How to Identify and Avoid Phishing Scams

Phishing is a form of social engineering technique used by hackers to gather sensitive information such as usernames, passwords and credit card details by posing as a trustworty person/organization. Since most online users are unaware of the techniques used in carrying out a phishing attack, they often fall victims and hence, phishing can be very effective.

With the dramatic increase in the number of phishing scams in the recent years, there has also been a steady rise in the number of people being victimized. Lack of awareness among the people is the prime reason behind such attacks. This article will try to create awareness and educate the users about such online scams and frauds.

Phishing scams usually sends an email message to users requesting for their personal information, or redirects them to a website where they are required to enter thier personal information. Here are some of the tips that can be used to identify various phishing techniques and stay away from it.

 

Identifying a Phishing Scam

 

1. Beware of emails that demand for an urgent response from your side. Some of the examples are:

• You may receive an email which appears to have come from your bank or financial organization stating that “your bank account is limited due to an unauthorized activity. Please verify your account asap so as to avoid permanant suspension”. In most cases, you are requested to follow a link (URL) that takes you to spoofed webpage (similar to your bank website) and enter your login details over there.
• In some cases, phishing emails may ask you to make a phone call. There may be a person or an audio response waiting on the other side of the phone to take away your credit cards details, account number, social security number or other valuable data.

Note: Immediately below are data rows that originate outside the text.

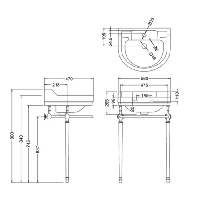 Burlington Edwardian Консоль под раковину B18 1TH, напольная 72х42,5х74,5h см, цвет: хром глянцевый T50 CHR
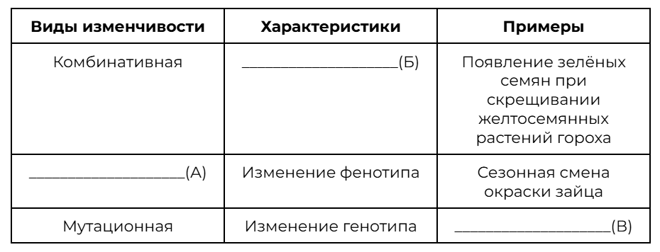 Проанализируйте таблицу «Виды изменчивости». Заполните пустые ячейки таблицы, используя элементы, приведенные в списке. Для каждой ячейки, обозначенной буквой, выберите соответствующий элемент из предложенного списка.
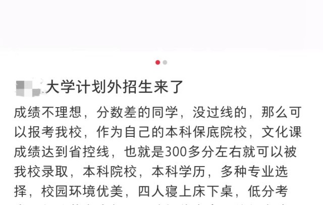 圖為在某社交媒體上搜索到的一條“計劃外招生”信息。(互聯(lián)網(wǎng)截圖)
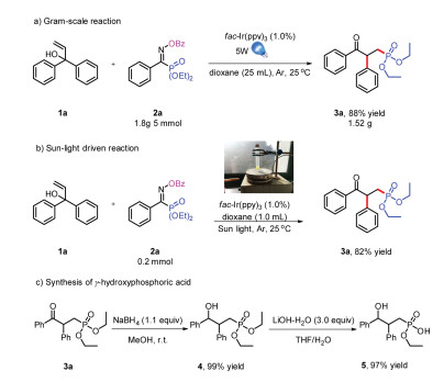 Several experiments were implemented to highlight the synthesis value of this method. The reaction proceeded very well with gram-scale yield of 88% (Scheme 5a). Furthermore, when the sunlight was used instead of 5 W blue LEDs, the desired product could also be obtained with 82% yield (Scheme 5b). Meanwhile the γ-oxo-phosphonate was easily derivatized to obtain γ-hydroxyphosphoric acid 5 (Scheme 5c) [9]. These results highlight the synthesis value of this tactic in drug discovers.
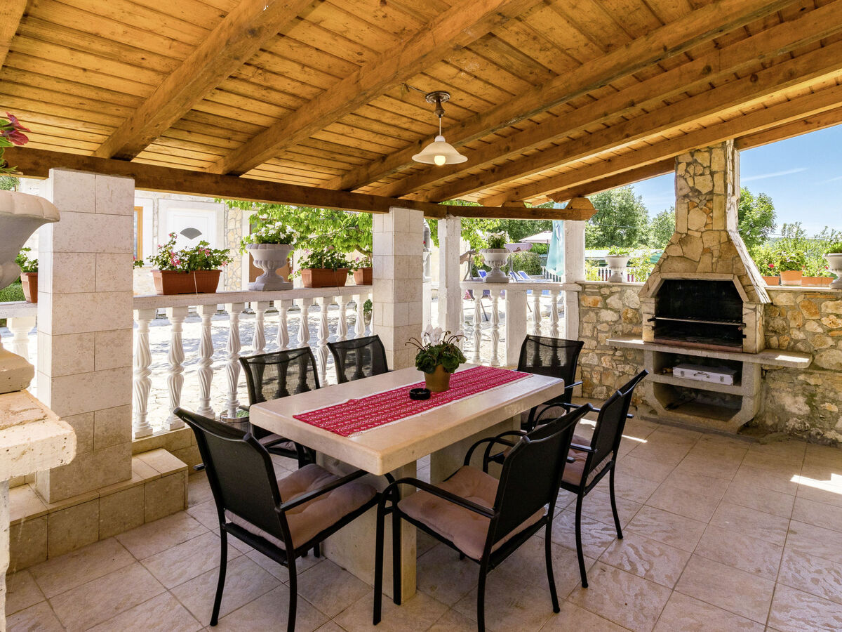 Douche extérieure, terrasse, meubles de jardin, barbecue (balançoire), entretien de la piscine par le propriétaire/jardinier.
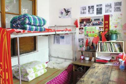 杨友周的寝室,位于新农中心校校园内的一个角落里,寝室分内外两间,内间摆放着三张上下铺的单人床,是学生睡的;外间仅5平米左右,摆放着一张上下铺的单人床,上铺是学生睡的,下铺则是杨友周的床位。旁边是图书角,摆放着一些书籍供学生们随时阅读。这就是杨友周从2014年8月到新农中心校工作以来,每天晚上休息的地方。

2. Phishing emails are generally not personalized. Since they target a lagre number of online users, they usually use generalized texts like “Dear valued customer”, “Dear Paypal user” etc. to address you. However, some phishing emails can be an exception to this rule.

3. When you click on the links contained in a phishing email, you will most likely be taken to a spoofed webpage with official logos and information that looks exactly same as that of the original webpages of your bank or financial organization. Pay attention to the URL of a website before you enter any of your personal information over there. Even though malicious websites look identical to the legitimate site, it often uses a different domain or variation in the spelling. For example, instead of paypal.com, a phishing website may use different addresses such as:

• papyal.com
• paypal.org
• verify-paypal.com
• xyz.com/paypal/verify-account/

 

Tips to Avoid Being a Victim of Phishing

 

1. Do not respond to suspicious emails that ask you to give your personal information. If you are unsure whether an email request is legitimate, verify the same by calling the respective bank/company. Always use the telephone numbers printed on your bank records or statements and not those mentioned in the suspicious email.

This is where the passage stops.